Bare Metal (PXE)

Netboot bare metal machines into your cluster.

Overview

Metalman is a controller that PXE-boots bare-metal servers and joins them to your Kubernetes cluster. It bundles DHCP, TFTP, and HTTP servers into a single binary, integrates with Redfish BMCs for remote power management, and uses TPM 2.0 attestation for secure bootstrap token delivery.

API group: unbounded-cloud.io/v1alpha3. CRD: Machine (mach), cluster-scoped.

Prerequisites

  • A Kubernetes cluster with access to kubectl.
  • Bare-metal servers with UEFI PXE firmware and a BMC exposing a Redfish API.
  • Layer-2 network connectivity (or a DHCP relay agent) between metalman and the PXE NICs.
  • Network access from metalman to each BMC (HTTPS/443) and to the Kubernetes API (TCP/6443).
  • Network access from target machines to metalman (UDP/67, UDP/69, TCP/8880) and to the Kubernetes API (TCP/6443).
  • TPM 2.0 modules on target machines (required for secure attestation).

Deploy Metalman

Apply the CRDs and controller manifests:

kubectl apply -f deploy/machina/crd/
kubectl apply -f deploy/machina/

This creates the unbounded-kube namespace, ServiceAccounts (metalman-controller, metalman-bootstrap), RBAC roles, and a Deployment.
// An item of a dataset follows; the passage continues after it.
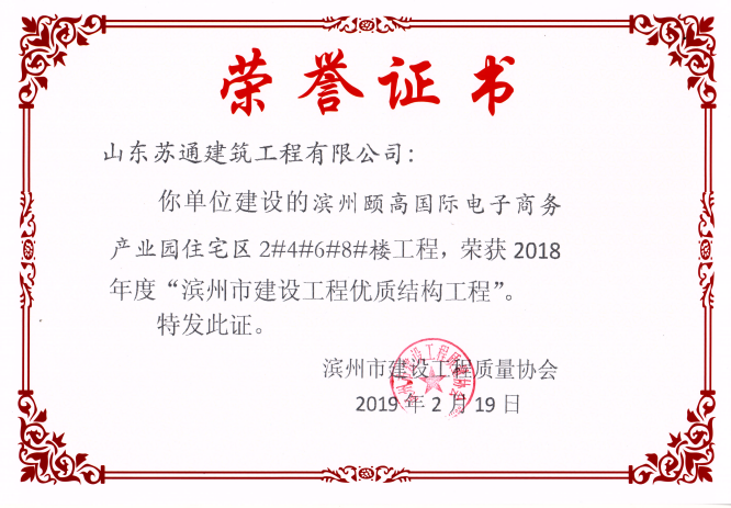 山東蘇通建筑工程有限公司,創建于2009年8月。目前擁有房屋建筑工程施工總承包壹級、市政公用工程施工總承包叁級、水利水電工程施工總承包叁級資質,同時還具有建筑裝修裝飾工程專業承包貳級、消防設施工程專業承包貳級、鋼結構工程專業承包叁級、建筑機電安裝工程專業承包叁級等專業承包資質。 公司總部坐落于山東省濱州市濱城區黃河十二路877號,現有辦公面積約2000平方米,機構設黨支部工會辦公室、總經理辦公室、綜合辦公室、工程管理部、經營預算部、資產財務部、材料設備部、運行管理部、法律事務部等多個職能部門。公司管理體系已經通過了GB/T 19001及GB/T 50430質量管理體系、GB/T 24001環境管理體系(EMS)、GB/T 28001職業健康安全管理體系(OHSMS)等體系的認證。 公司承建完工了濱州市建大教師之家、建大清怡苑、香格里拉水岸綠城住宅小區、雙泰建大城、曲阜崇德公館住宅小區、北海新區御景藍灣住宅小區、沾化德榮國際華城住宅小區、惠民橄欖郡住宅小區等工程項目,目前在建工程項目有:濱州市頤高國際電子商務產業園住宅小區項目、濱州市東盛國際項目、高新區建大中央華府住宅小區項目、濱州市融匯新里程住宅小區項目、濱州市建大秦皇壹號住宅小區項目、濱州市森林花...

Key serve-pxe flags (set via the Deployment):

FlagDefaultDescription
--dhcp-interface(none — relay mode)NIC for broadcast DHCP
--site(none)Scope to machines with a specific site label
--http-port8880HTTP server port
--cache-dir~/.unbounded/metalman/cacheLocal cache for downloaded images
--health-port8081Health/readiness probe port
--serve-urlExternal URL of this metalman instance

When --dhcp-interface is set, metalman binds to the interface for broadcast DHCP, and the DHCP server requires leader election. Without it, metalman accepts relayed (unicast) DHCP packets and the DHCP server responds regardless of leader status. Leader election always runs at the manager level for the reconcilers.

Netboot Images

Netboot images are standard OCI container images built FROM scratch that contain all files needed for PXE booting a machine under /disk/. Files with a .tmpl suffix are Go templates rendered per-machine at serve time; other files are served verbatim. A metadata.yaml file provides image-level configuration (e.g. dhcpBootImageName).

Images are built, tagged, and pushed using standard container tooling:

docker build -t ghcr.io/azure/images/host-ubuntu2404:v1 .
docker push ghcr.io/azure/images/host-ubuntu2404:v1

Template context includes .Machine, .ApiserverURL, .ServeURL, .KubernetesVersion, and .ClusterDNS.

See the CRD Reference for the full Machine spec.

Machine CRD

A Machine represents a single bare-metal host. The spec.pxe section ties together the OCI image, network config, and BMC credentials:

apiVersion: unbounded-cloud.io/v1alpha3
kind: Machine
metadata:
  name: server-01
  labels:
    unbounded-cloud.io/site: rack-a
spec:
  pxe:
    image: ghcr.io/azure/images/host-ubuntu2404:v1
    dhcpLeases:
    - ipv4: "10.10.0.50"
      mac: "aa:bb:cc:dd:ee:ff"
      subnetMask: "255.255.255.0"
      gateway: "10.10.0.1"
      dns: ["8.8.8.8"]
    redfish:
      url: "https://bmc-01.example.com"
      username: admin
      passwordRef:
        name: bmc-passwords
        namespace: unbounded-kube
        key: bmc-01
  operations:
    rebootCounter: 0
    repaveCounter: 0

Store BMC passwords in a Secret referenced by passwordRef. See the CRD Reference for all fields.

Cloud-Init Customization

Cloud-init on PXE-booted machines uses two data sources that are merged at boot:

  • Vendor-data (managed by Unbounded) – Contains the agent configuration, bootstrap scripts, and system defaults required for the node to join the cluster. This is not user-editable.
  • User-data (managed by the cluster operator) – Optional customization such as SSH keys, additional packages, or host-level configuration.

When no user-data is configured, metalman serves a minimal #cloud-config document. To supply custom user-data, create a ConfigMap and reference it from the Machine spec:

apiVersion: v1
kind: ConfigMap
metadata:
  name: my-cloud-init
  namespace: unbounded-kube
data:
  user-data: |
    #cloud-config
    ssh_authorized_keys:
      - ssh-rsa AAAA...
    packages:
      - vim
      - htop

Then reference the ConfigMap in the Machine:

apiVersion: unbounded-cloud.io/v1alpha3
kind: Machine
metadata:
  name: server-01
spec:
  pxe:
    image: ghcr.io/azure/images/host-ubuntu2404:v1
    dhcpLeases:
    - ipv4: "10.10.0.50"
      mac: "aa:bb:cc:dd:ee:ff"
      subnetMask: "255.255.255.0"
      gateway: "10.10.0.1"
      dns: ["8.8.8.8"]
    cloudInit:
      userDataConfigMapRef:
        name: my-cloud-init
        namespace: unbounded-kube

The key field defaults to user-data but can be overridden to select a different key from the ConfigMap. Both data and binaryData entries are supported.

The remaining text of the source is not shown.